Lizzy picked up the figure, expecting it to be made from lead and surprised by how light it was. What's it made from?
Carefully placing the offering next to the cross, Lizzy went back to the stool to pray to the saint in t
he man's place.
St Michael the Archangel, defend us in battle,
"I'm gonna kill you Alice Pink!" came a shout over the screens
Defend us against the wickedness . . .
"Yeah—you and who's army, Lilly Underwood?"
. . . and snares of the Devil.
Lizzy smiled. For a change it was nice to hear someone else's problems, rather than being totally wrapped up in her own. She kept on with her prayer.
May God rebuke them . . .
****
A quarter hour later, Lizzy left the church with a small smile on her face, a package in hand with a book to be read by candlelight between first and second sleep for the rest of the week, and a decision made.
Later the same day
With the usual last minute disasters to overcome in the kitchens, Lizzy had missed the first two courses. The stelle, star-shaped pasta in mushroom and cheese sauce, would be along shortly as a small intermezzo to the meal, and she wanted to get settled.

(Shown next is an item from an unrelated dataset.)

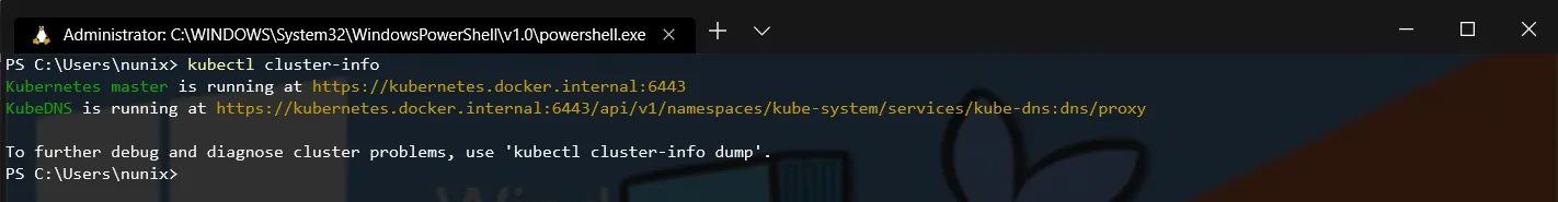 PS> wsl$ export KUBECONFIG=/mnt/c/Users/<your username>/.kube/config$ kubectl cluster-info

The cooking was done in a series of smaller buildings at the far end of Centre Court, well away from the rest of the house in event of fire.
"Fifteen minutes. Tell Cook you have fifteen minutes left to next serving," she shouted at a page and two waiters running down the corridor in the opposite direction.
Striding vigorously along the picture gallery, rolling her sleeves down her arms, Lizzy waved her arms, puffing the sleeves up with air, and straightening the lace.
Dead woman's clothes—just you watch, Jane.
Unpinning and untying the kirtle over the silk dress, Lizzy threw the over-apron at a chair in the picture gallery, then fished from a pocket the mourning cross made of Whitby jet decorated with translucent moonstones.
Decided on her new course, she tied the yellow ribbon around her neck, finishing the ensemble that proclaimed her new status as a widow in her mourning year. At least that might give her twelve months of peace. Wouldn't stop the courting and attention, but she had ancient traditions not to give any answer behind her.
" . . . horoscopes," a deep Cheshire accent rolled around the dining room as the footman opened the door.
Lizzy entered just as the marquis laughed heartily.